Malware campaigns exploit OpenClaw’s popularity
As if the technical vulnerabilities were not enough, OpenClaw’s fame has also attracted criminals who have nothing to do with the software’s flaws themselves. According to Huntress, bad actors have created malicious repositories on GitHub that impersonate legitimate OpenClaw installers to distribute malware like Atomic Stealer, Vidar Stealer, and a Golang-based proxy malware called GhostSocks. The installation instructions use ClickFix-style techniques to convince users to run commands that download and install the malicious software.
The campaign did not target a specific industry but broadly hit users who were trying to install OpenClaw. The malicious repositories contained download instructions for both Windows and macOS environments. What made this campaign particularly effective was the fact that the malware was hosted on GitHub — a platform generally considered trustworthy — and the malicious repository had become the top suggestion in Bing’s AI-powered search results for installing OpenClaw on Windows.

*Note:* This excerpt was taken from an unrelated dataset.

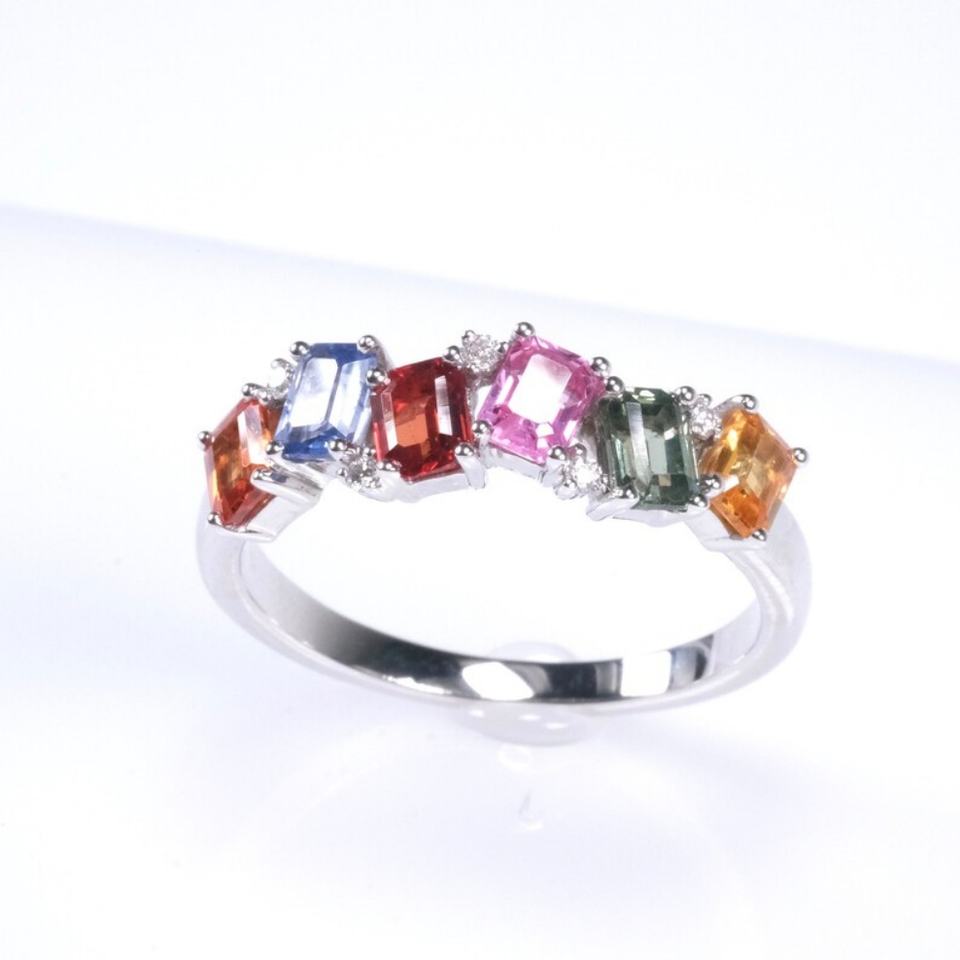 Best Selling 925 Sterling Silver 3x4mm Octagon Multi Rainbow Sapphire Wedding Ring Jewelry Cubic Zircon CZ Engagement Ring

This detail shows how the convergence of AI-powered search engines and social engineering can create sophisticated traps that fool even more experienced users.
What can be done right now to reduce the risks
The good news is that there are practical and accessible measures to minimize exposure to these cyber threats while the OpenClaw development team works on more robust fixes. CNCERT itself listed clear recommendations that are worth following:
- Strengthen network controls: preventing OpenClaw’s default management port from being exposed to the internet is the first step to avoiding unauthorized access.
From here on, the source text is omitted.